** Opening Supplied information block **
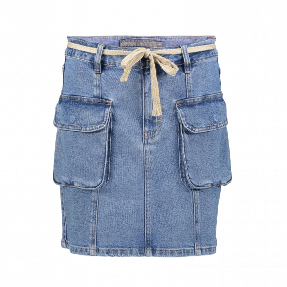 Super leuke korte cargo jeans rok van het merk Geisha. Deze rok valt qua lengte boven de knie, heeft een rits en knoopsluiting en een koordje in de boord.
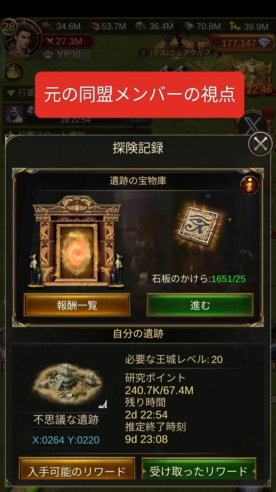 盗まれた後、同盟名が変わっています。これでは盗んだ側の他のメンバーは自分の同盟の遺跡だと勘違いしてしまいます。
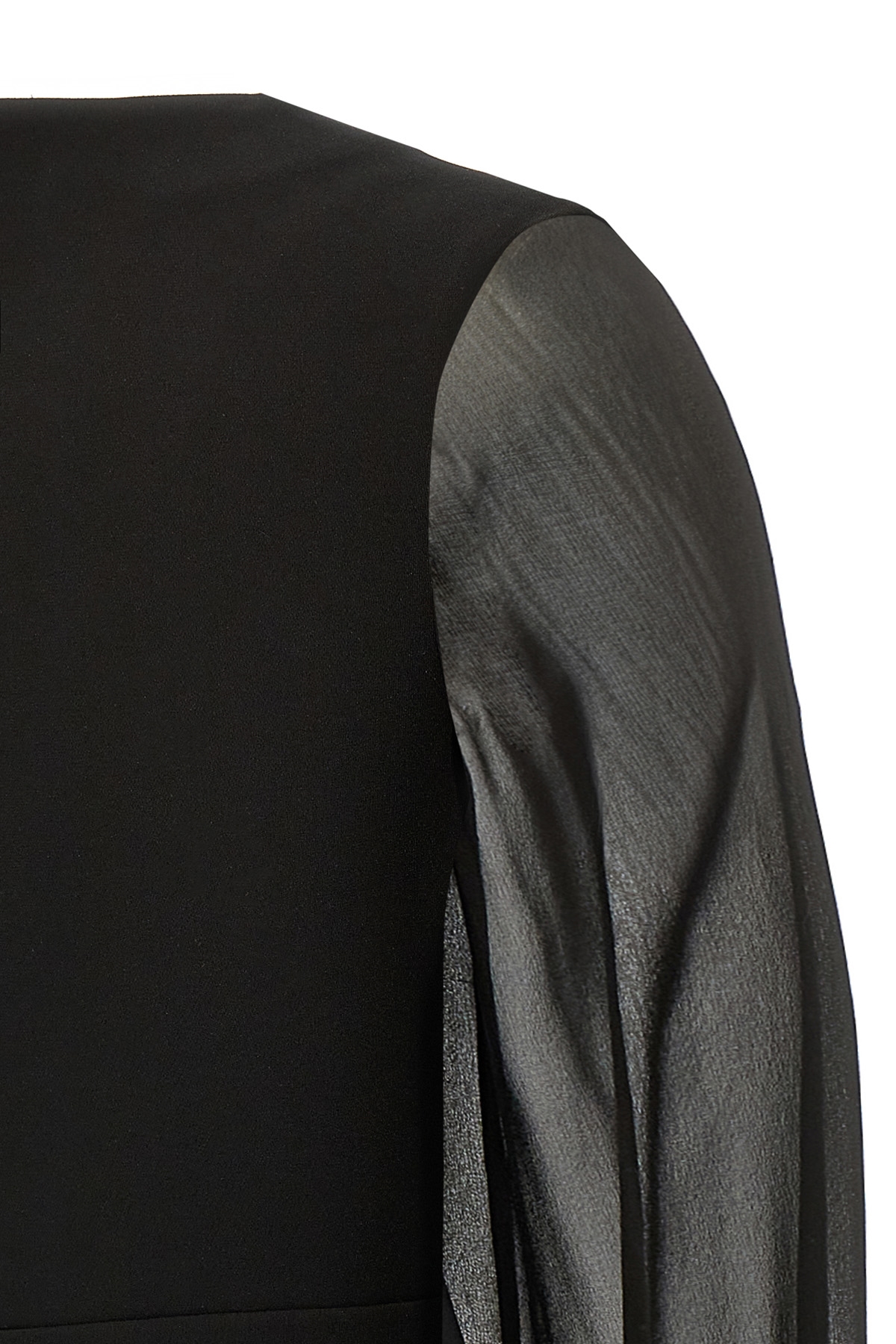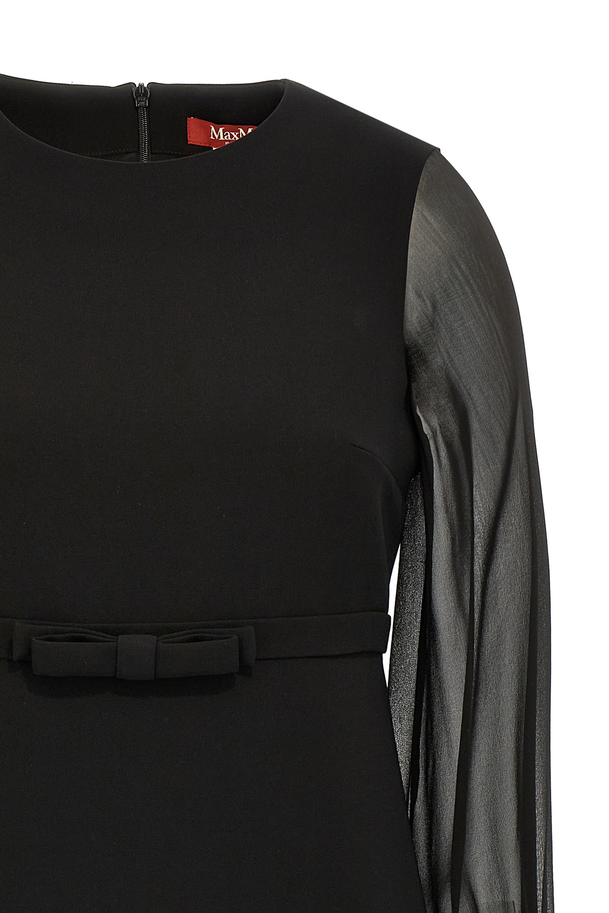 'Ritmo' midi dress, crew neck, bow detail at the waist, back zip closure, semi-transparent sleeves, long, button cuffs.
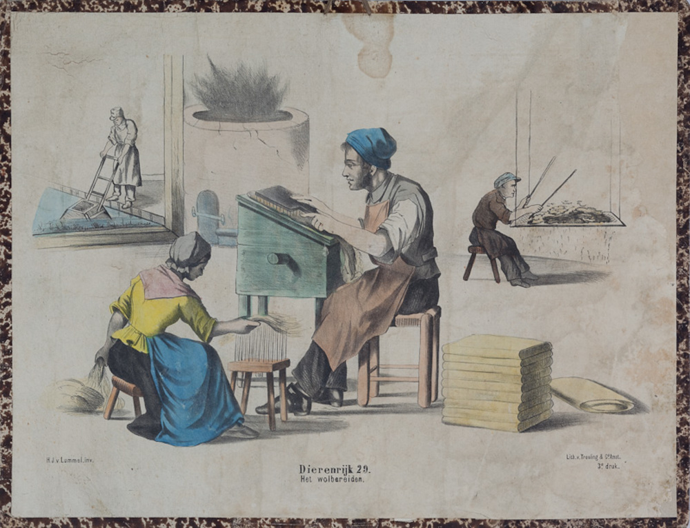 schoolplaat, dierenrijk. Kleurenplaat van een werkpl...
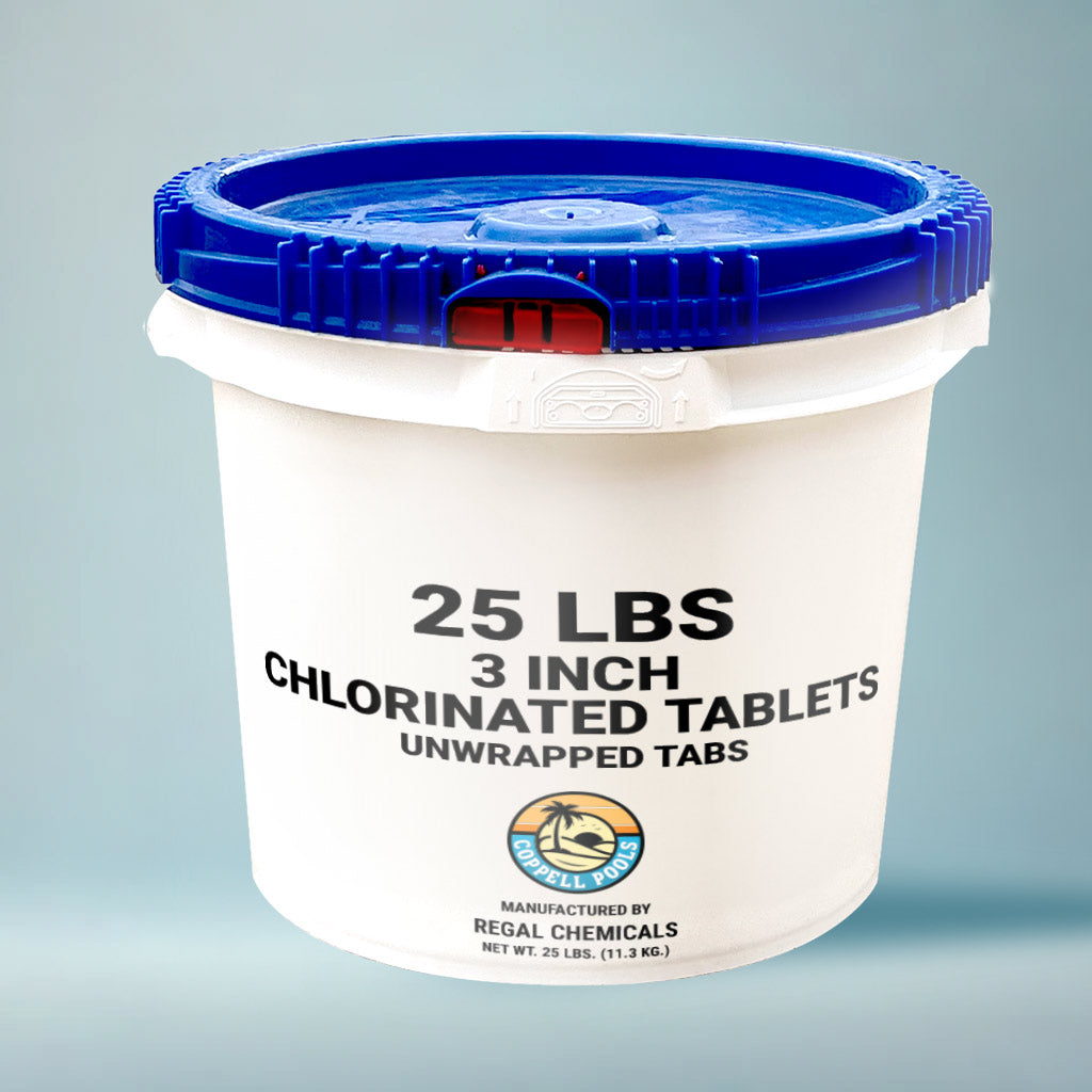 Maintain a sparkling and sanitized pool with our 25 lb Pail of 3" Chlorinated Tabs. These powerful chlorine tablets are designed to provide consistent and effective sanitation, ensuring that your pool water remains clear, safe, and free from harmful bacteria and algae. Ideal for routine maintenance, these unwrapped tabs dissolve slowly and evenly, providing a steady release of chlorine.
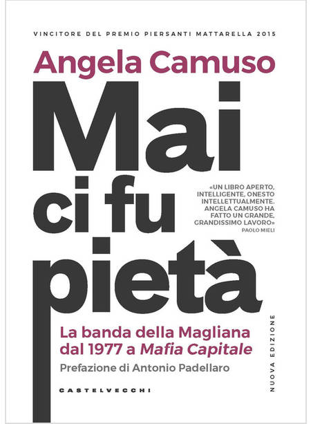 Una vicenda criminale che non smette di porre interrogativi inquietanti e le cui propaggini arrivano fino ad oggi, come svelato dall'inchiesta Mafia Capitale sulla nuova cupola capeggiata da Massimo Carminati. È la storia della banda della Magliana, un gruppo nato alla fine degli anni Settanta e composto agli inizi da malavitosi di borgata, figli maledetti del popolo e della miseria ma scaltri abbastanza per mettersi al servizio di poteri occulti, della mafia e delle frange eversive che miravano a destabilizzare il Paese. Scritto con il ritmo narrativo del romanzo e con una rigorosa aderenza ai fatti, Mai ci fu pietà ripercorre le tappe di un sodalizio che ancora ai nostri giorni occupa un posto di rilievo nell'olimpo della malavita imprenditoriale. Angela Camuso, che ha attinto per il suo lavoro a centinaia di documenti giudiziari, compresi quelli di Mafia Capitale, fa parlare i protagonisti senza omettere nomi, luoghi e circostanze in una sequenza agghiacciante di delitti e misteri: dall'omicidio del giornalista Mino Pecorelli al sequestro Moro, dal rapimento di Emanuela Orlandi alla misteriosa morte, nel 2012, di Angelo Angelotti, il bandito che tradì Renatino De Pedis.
** Closing Supplied information block **
** Opening Supplied information block **
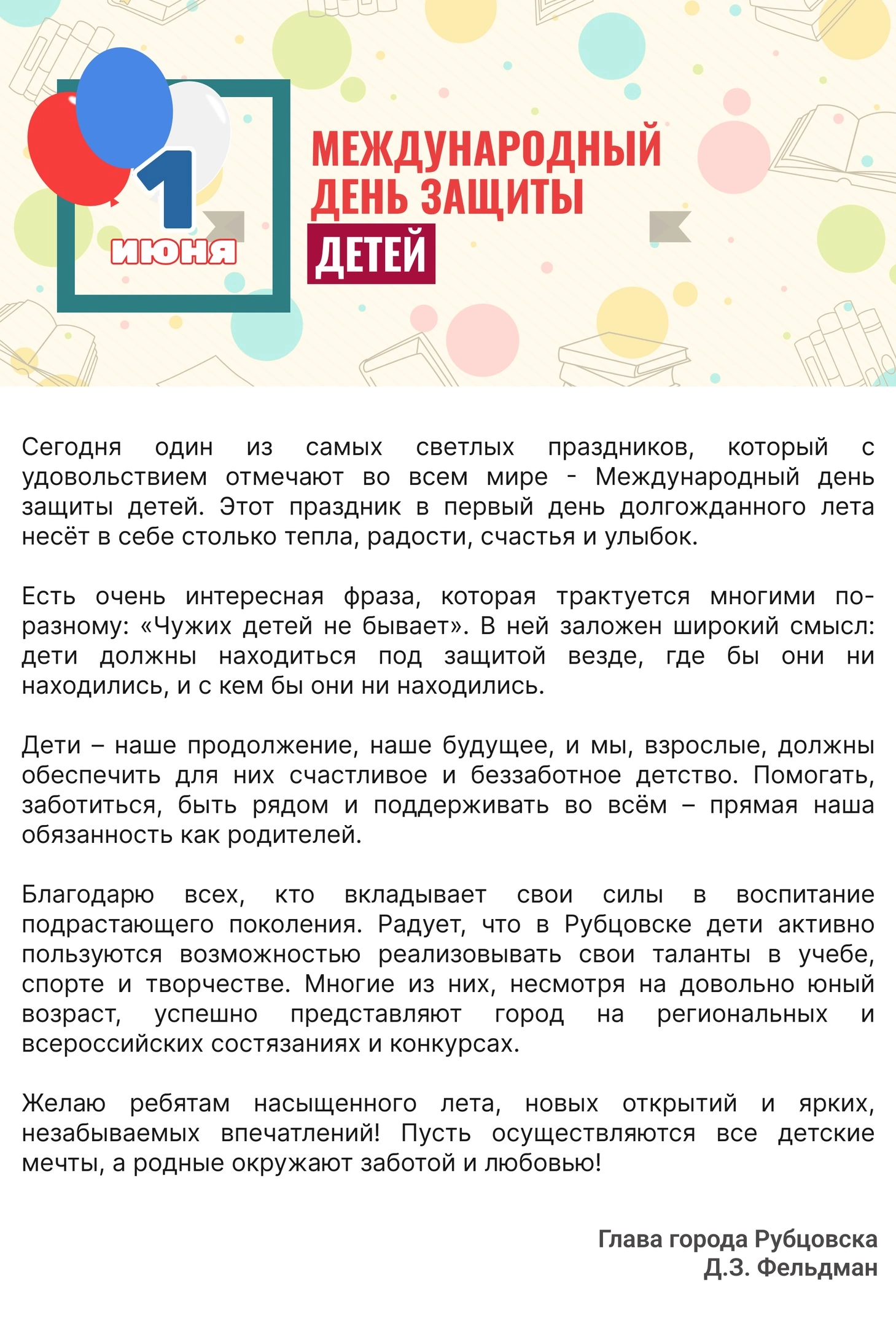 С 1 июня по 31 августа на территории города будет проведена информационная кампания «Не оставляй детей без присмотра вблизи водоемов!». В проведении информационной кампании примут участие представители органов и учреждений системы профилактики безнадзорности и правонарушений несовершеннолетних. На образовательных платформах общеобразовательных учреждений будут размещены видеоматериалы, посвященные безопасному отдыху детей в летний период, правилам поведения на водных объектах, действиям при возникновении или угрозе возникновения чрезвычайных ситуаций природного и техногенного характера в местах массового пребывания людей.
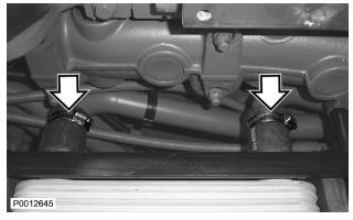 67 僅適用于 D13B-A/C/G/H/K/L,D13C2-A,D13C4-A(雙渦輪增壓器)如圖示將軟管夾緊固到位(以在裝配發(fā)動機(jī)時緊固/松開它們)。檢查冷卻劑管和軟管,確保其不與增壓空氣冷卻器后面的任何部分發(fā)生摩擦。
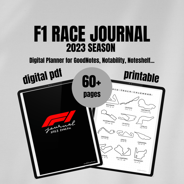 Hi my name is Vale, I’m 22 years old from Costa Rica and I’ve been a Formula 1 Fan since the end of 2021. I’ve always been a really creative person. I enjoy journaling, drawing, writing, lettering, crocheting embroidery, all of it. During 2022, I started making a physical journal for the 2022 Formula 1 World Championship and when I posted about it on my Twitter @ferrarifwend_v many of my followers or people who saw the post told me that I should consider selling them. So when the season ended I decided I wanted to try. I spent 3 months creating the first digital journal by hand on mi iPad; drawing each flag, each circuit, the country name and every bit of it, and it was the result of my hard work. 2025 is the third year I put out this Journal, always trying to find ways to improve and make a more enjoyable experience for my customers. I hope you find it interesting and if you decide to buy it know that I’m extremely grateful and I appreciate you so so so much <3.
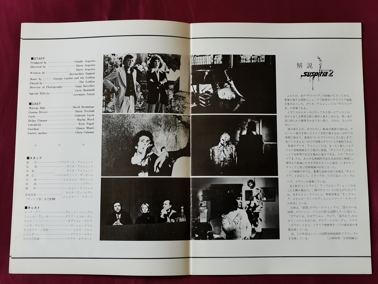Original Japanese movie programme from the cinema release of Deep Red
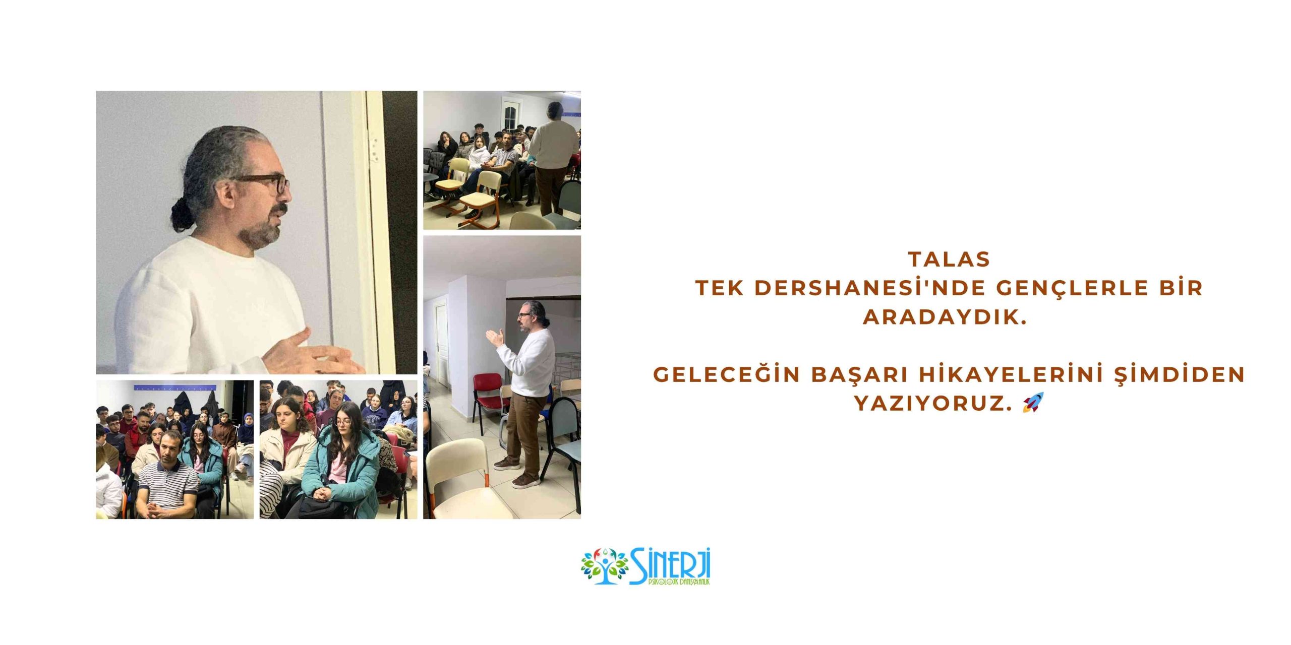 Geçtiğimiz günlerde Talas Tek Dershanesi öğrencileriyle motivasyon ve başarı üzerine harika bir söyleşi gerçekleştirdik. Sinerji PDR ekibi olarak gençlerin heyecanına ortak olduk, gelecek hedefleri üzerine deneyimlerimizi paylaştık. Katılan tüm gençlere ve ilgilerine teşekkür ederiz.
** Closing Supplied information block **
** Opening Supplied information block **
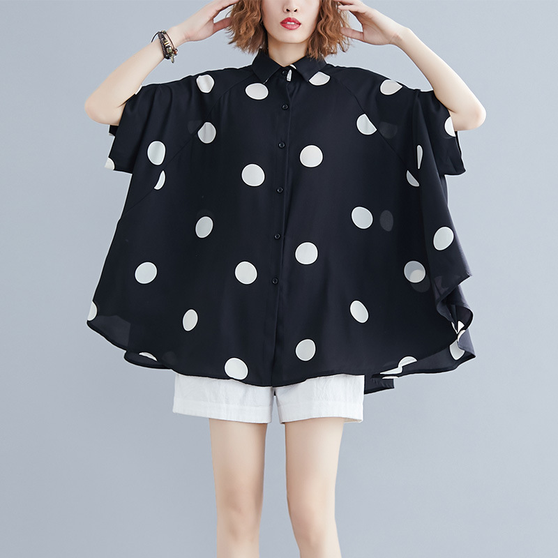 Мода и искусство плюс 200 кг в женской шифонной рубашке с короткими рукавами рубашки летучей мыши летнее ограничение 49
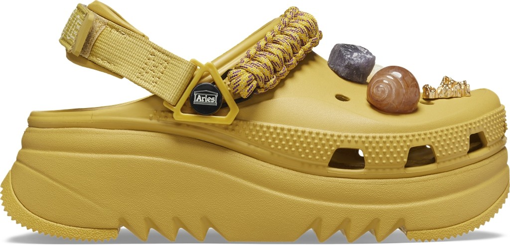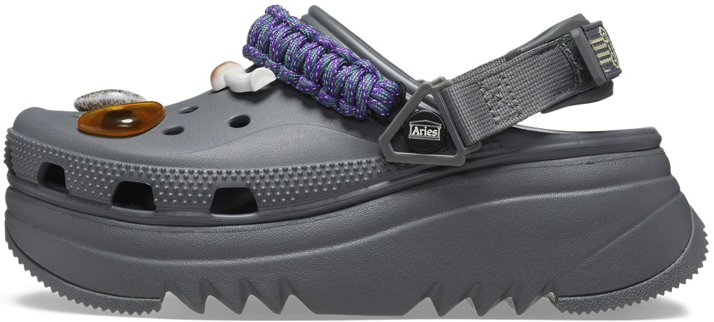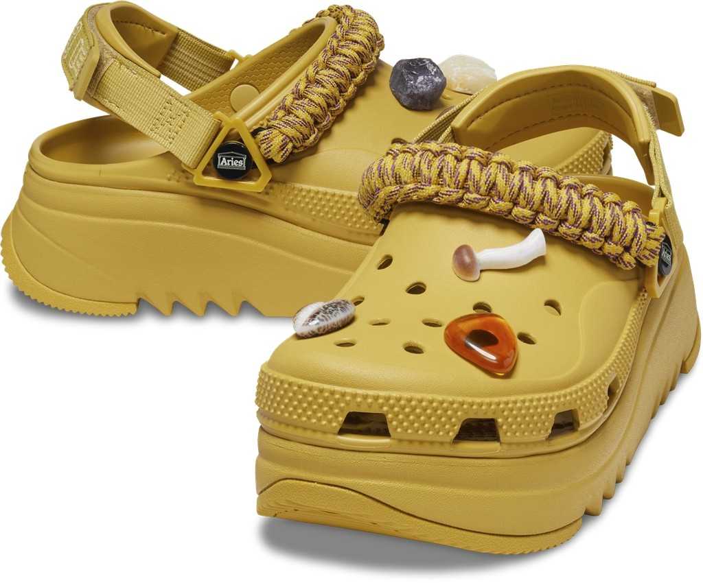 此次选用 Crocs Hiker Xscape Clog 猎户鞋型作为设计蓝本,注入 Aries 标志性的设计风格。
** Closing Supplied information block **
What to produce
Go back to the listing above and write out the lines starting at the one with "Super leuke korte" and ending at the one with "盗まれた後、同盟名が変わって", inclusive, exactly and without pictures.

Exercise output
 Super leuke korte cargo jeans rok van het merk Geisha. Deze rok valt qua lengte boven de knie, heeft een rits en knoopsluiting en een koordje in de boord.
 盗まれた後、同盟名が変わっています。これでは盗んだ側の他のメンバーは自分の同盟の遺跡だと勘違いしてしまいます。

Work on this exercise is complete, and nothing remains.